### Activity
Could you copy the records below exactly, leaving out any pictures?

### Records to process
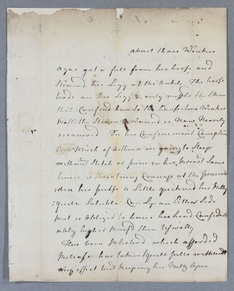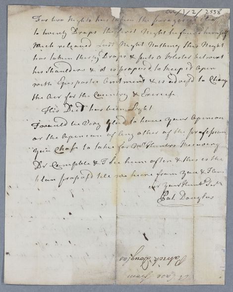 | Summary | Letter from Patrick Douglas concerning the case of a Mr Hunter who fell from a horse. Also mentions a Dr Campbell. |
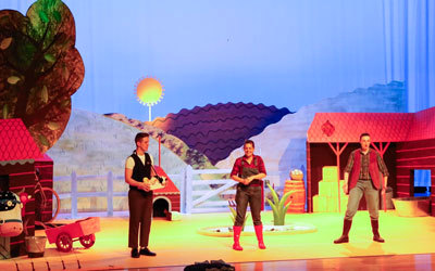 وتفاعل جمهور الأطفال مع مجريات المسرحية المستوحاة من قصة المؤلفة جوليا دونالدسون حول لصّين ماكرين وخنفساء صغيرة في فناء مزرعة بعيدة مليئة بالمرح.
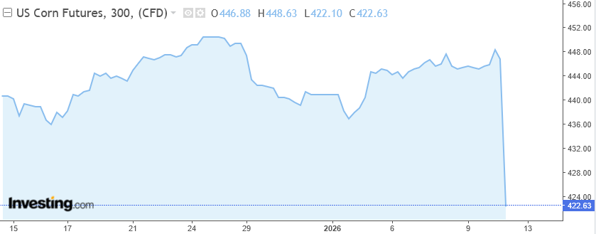 De 447.75 USX por unidad, cayó a 428.2 en cuestión de 5 minutos. Esta es la peor caída del precio internacional del maíz desde septiembre de 2024, y cayó al nivel más bajo desde noviembre del año pasado.
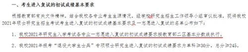 我校2021年研究生入学考试各专业一志愿进入复试的初试成绩要求按教育部二区基本分数线执行。
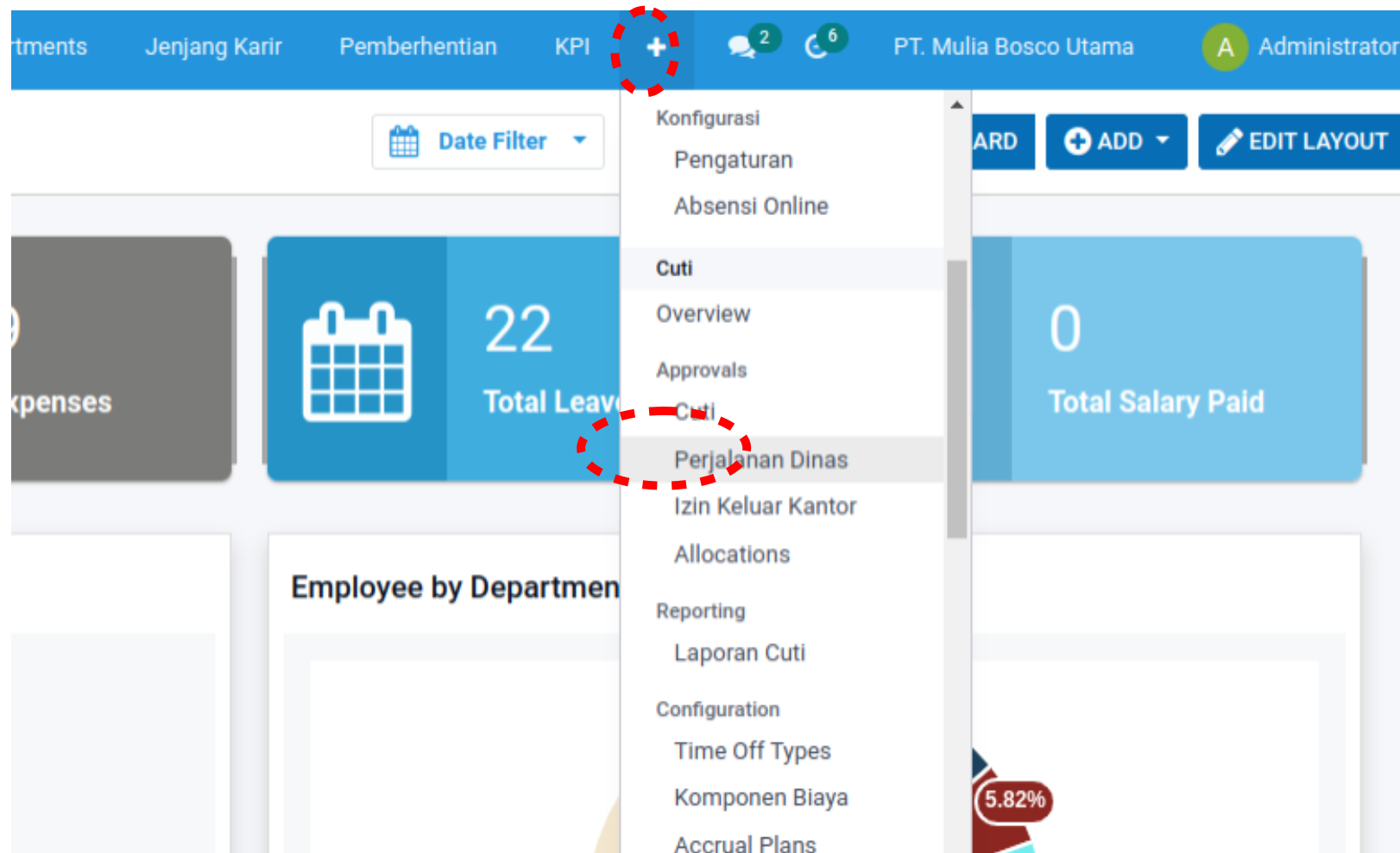 Pada bagian ini, kita akan masuk kebagian Perjalanan Dinas, dengan klik tanda (+) yang terdapat pada bagian atas sebelah kanan lalu scroll kebawah, tepat dibawah “Cuti”, klik “Perjalanan Dinas”
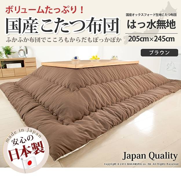 商品について:クッションやカバーにも使われる綿100%の丈夫な国産オックスフォード生地を使用した日本製のこたつ布団です。国内工場で綿入れ・縫製をしたこだわりの一品☆ボリュームたっぷり!すみまでしっかり綿が入ったふっかふかのこたつ布団です。
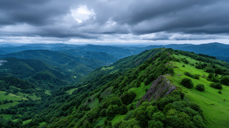Breathtaking view of a lush green mountain landscape under a dramatic cloudy sky, showcasing the serene beauty of nature and tranquil wilderness.
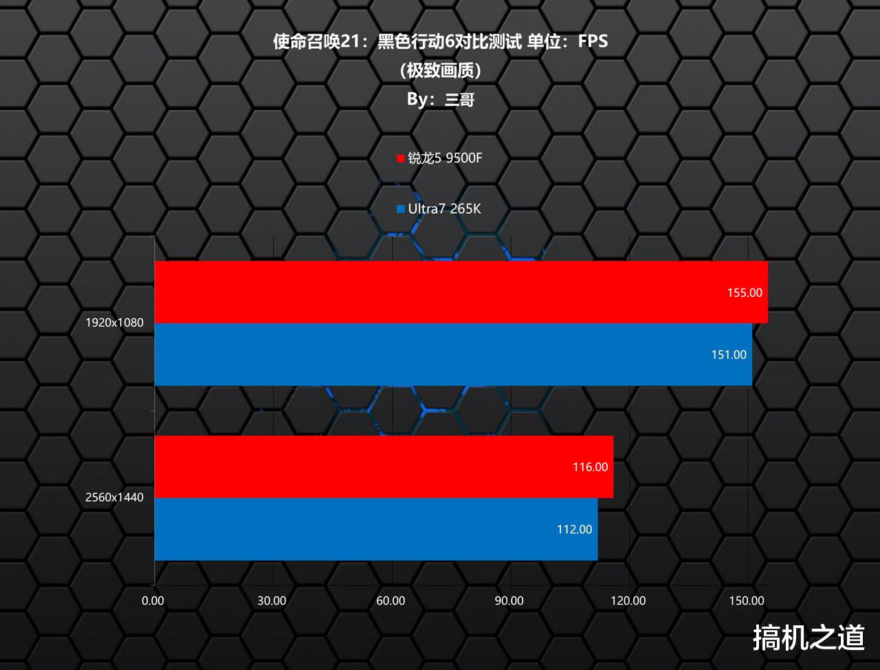 在《使命召唤21:黑色行动6》测试中,锐龙5 9500F相较Ultra7 265K,在两个分辨率下均有小幅度的领先,其中1080P分辨率下领先了4.00帧,领先比率2.65%;1440P分辨率下领先了4.00帧,领先比率3.57%。
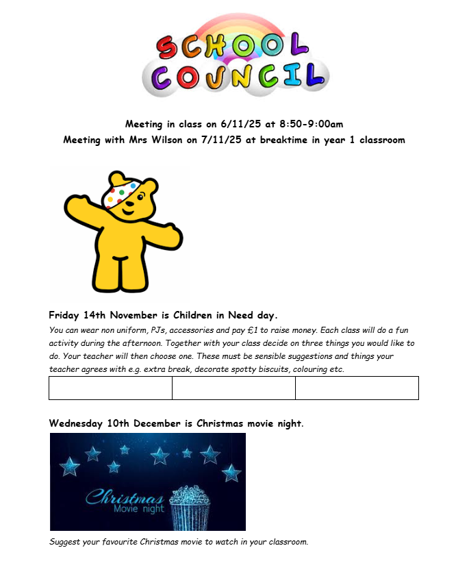 At the start of November, the school council met to discuss Children in Need and our upcoming Christmas movie night. They discussed options with their classes, before meeting as a council to put forward each year groups ideas:
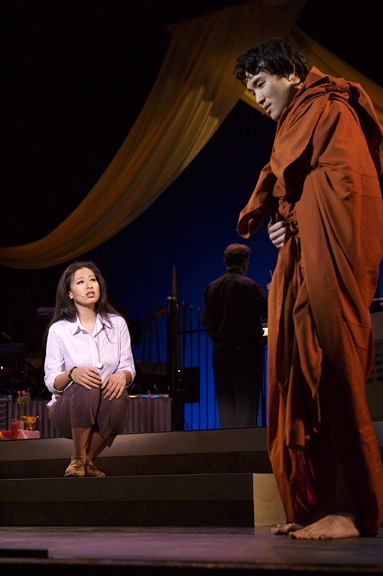 The staging included a temple's golden contours drawn in draped fabric and two elevated platforms that contained a Khmer rock band, traveling from Cambodia, a traditional Khmer orchestra, and a string quartet from the New England Orchestra. Lighting set the mood and unified disparate elements that underscored the need for harmony.
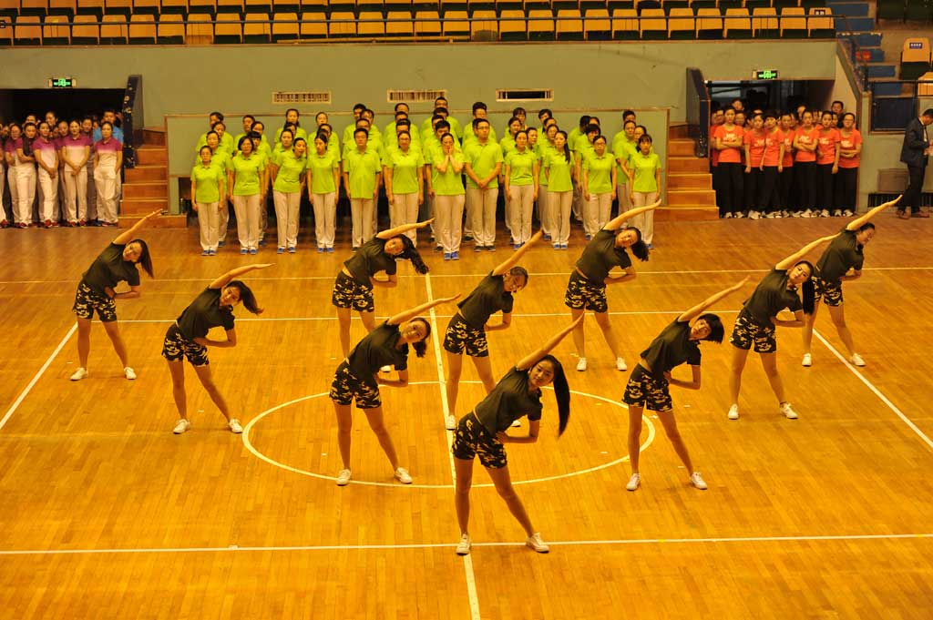 在此次活动中,所有人员充分发挥了不怕苦、不怕累的精神,积极参与排练,刻苦训练,最终获得了殊荣。由于时间紧,任务重,接到通知时已临近比赛,从各部门人员抽调到排练只用了一个星期。所有人员都是初次接触第九套广播操,所有动作都是第一次学习。人多动作复杂难以整齐划一。为了达到整齐划一的标准动作,带队崔主任带领大家一遍又一遍的练习。从早晨8点一直到晚8点,期间,所有人员克服了种种困难,训练场流下了泪水与汗水。
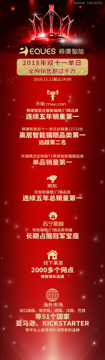 雙十一購物狂歡節2135億交易量的火爆還未消退,各大商家已經紛紛曬出了“成績單”,歷經不眠不休的酣戰之后,是來自各大行業的捷報。11月11日,在日趨火爆的智能家居領域,移康智能繼續保持智能貓眼品類第一的勢頭,蟬聯天貓、京東、蘇寧易購等各大
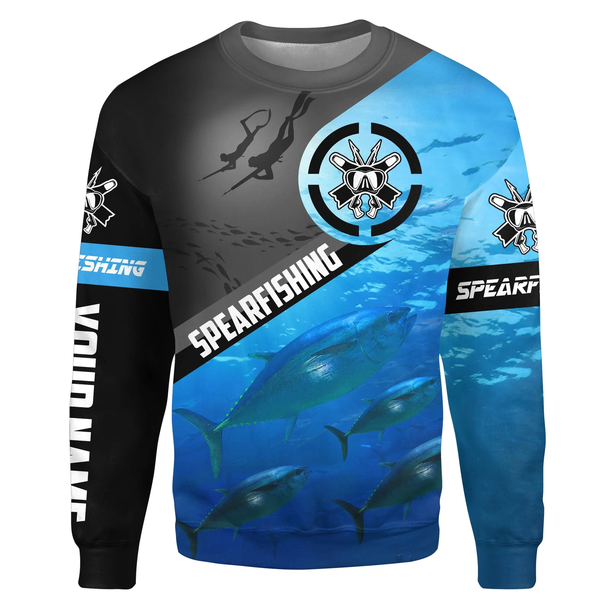 Atún azul agua pesca submarina bajo el mar nombre personalizado 3D impreso hombres Sudadera con capucha y sudadera Unisex Zip Casual chándales KJ914 - imagen 2
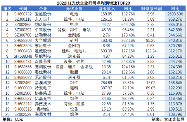 利潤增速方面,除了硅料企業(yè)延續(xù)高增長以外,去年因硅料價格暴漲而出現(xiàn)虧損的產(chǎn)業(yè)鏈中游專業(yè)化廠商,2022年上半年受益于供應鏈管理能力的提升以及產(chǎn)品結構的優(yōu)化,紛紛迎來困境翻轉,其中愛旭股份、東方日升、中來股份的利潤增速分別達到2609%、958%和643%。此外,岱勒新材、東尼電子兩大金剛線廠商受益于硅片環(huán)節(jié)的擴產(chǎn)以及細線化發(fā)展趨勢,疊加自身的產(chǎn)能擴張和成本下降,利潤增速均超300%。
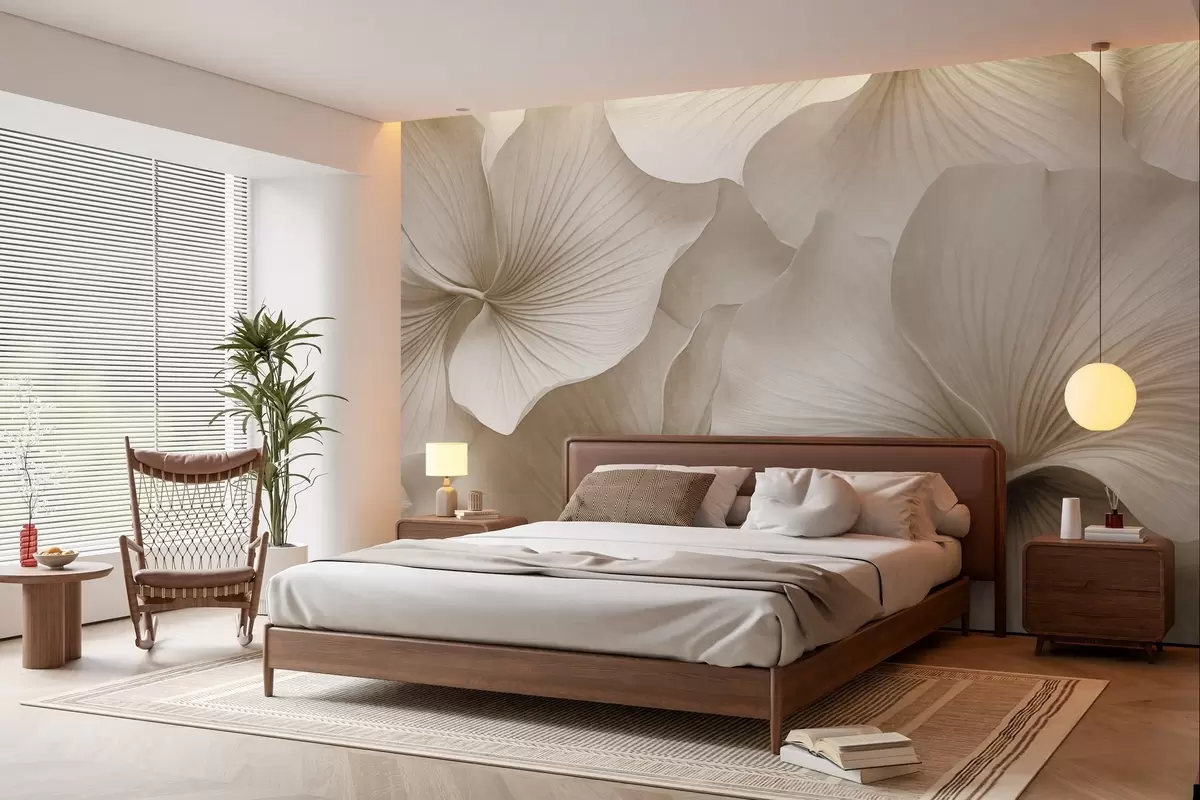 Stenske poslikave Bele in bež listi gingka, mehka tekstura, abstraktno cvetlični ozadje, minimalističen sodoben slog Št. w09421v1
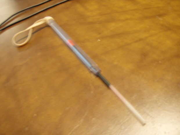 Cargar la parte interior de la pluma en el cañón, de modo que se pega hacia fuera el extremo sin la goma.

### Solution below
 | Summary | Letter from Patrick Douglas concerning the case of a Mr Hunter who fell from a horse. Also mentions a Dr Campbell. |
 وتفاعل جمهور الأطفال مع مجريات المسرحية المستوحاة من قصة المؤلفة جوليا دونالدسون حول لصّين ماكرين وخنفساء صغيرة في فناء مزرعة بعيدة مليئة بالمرح.
 De 447.75 USX por unidad, cayó a 428.2 en cuestión de 5 minutos. Esta es la peor caída del precio internacional del maíz desde septiembre de 2024, y cayó al nivel más bajo desde noviembre del año pasado.
 我校2021年研究生入学考试各专业一志愿进入复试的初试成绩要求按教育部二区基本分数线执行。
 Pada bagian ini, kita akan masuk kebagian Perjalanan Dinas, dengan klik tanda (+) yang terdapat pada bagian atas sebelah kanan lalu scroll kebawah, tepat dibawah “Cuti”, klik “Perjalanan Dinas”
 商品について:クッションやカバーにも使われる綿100%の丈夫な国産オックスフォード生地を使用した日本製のこたつ布団です。国内工場で綿入れ・縫製をしたこだわりの一品☆ボリュームたっぷり!すみまでしっかり綿が入ったふっかふかのこたつ布団です。
Breathtaking view of a lush green mountain landscape under a dramatic cloudy sky, showcasing the serene beauty of nature and tranquil wilderness.
 在《使命召唤21:黑色行动6》测试中,锐龙5 9500F相较Ultra7 265K,在两个分辨率下均有小幅度的领先,其中1080P分辨率下领先了4.00帧,领先比率2.65%;1440P分辨率下领先了4.00帧,领先比率3.57%。
 At the start of November, the school council met to discuss Children in Need and our upcoming Christmas movie night. They discussed options with their classes, before meeting as a council to put forward each year groups ideas:
 The staging included a temple's golden contours drawn in draped fabric and two elevated platforms that contained a Khmer rock band, traveling from Cambodia, a traditional Khmer orchestra, and a string quartet from the New England Orchestra. Lighting set the mood and unified disparate elements that underscored the need for harmony.
 在此次活动中,所有人员充分发挥了不怕苦、不怕累的精神,积极参与排练,刻苦训练,最终获得了殊荣。由于时间紧,任务重,接到通知时已临近比赛,从各部门人员抽调到排练只用了一个星期。所有人员都是初次接触第九套广播操,所有动作都是第一次学习。人多动作复杂难以整齐划一。为了达到整齐划一的标准动作,带队崔主任带领大家一遍又一遍的练习。从早晨8点一直到晚8点,期间,所有人员克服了种种困难,训练场流下了泪水与汗水。
 雙十一購物狂歡節2135億交易量的火爆還未消退,各大商家已經紛紛曬出了“成績單”,歷經不眠不休的酣戰之后,是來自各大行業的捷報。11月11日,在日趨火爆的智能家居領域,移康智能繼續保持智能貓眼品類第一的勢頭,蟬聯天貓、京東、蘇寧易購等各大
 Atún azul agua pesca submarina bajo el mar nombre personalizado 3D impreso hombres Sudadera con capucha y sudadera Unisex Zip Casual chándales KJ914 - imagen 2
 利潤增速方面,除了硅料企業(yè)延續(xù)高增長以外,去年因硅料價格暴漲而出現(xiàn)虧損的產(chǎn)業(yè)鏈中游專業(yè)化廠商,2022年上半年受益于供應鏈管理能力的提升以及產(chǎn)品結構的優(yōu)化,紛紛迎來困境翻轉,其中愛旭股份、東方日升、中來股份的利潤增速分別達到2609%、958%和643%。此外,岱勒新材、東尼電子兩大金剛線廠商受益于硅片環(huán)節(jié)的擴產(chǎn)以及細線化發(fā)展趨勢,疊加自身的產(chǎn)能擴張和成本下降,利潤增速均超300%。
 Stenske poslikave Bele in bež listi gingka, mehka tekstura, abstraktno cvetlični ozadje, minimalističen sodoben slog Št. w09421v1
 Cargar la parte interior de la pluma en el cañón, de modo que se pega hacia fuera el extremo sin la goma.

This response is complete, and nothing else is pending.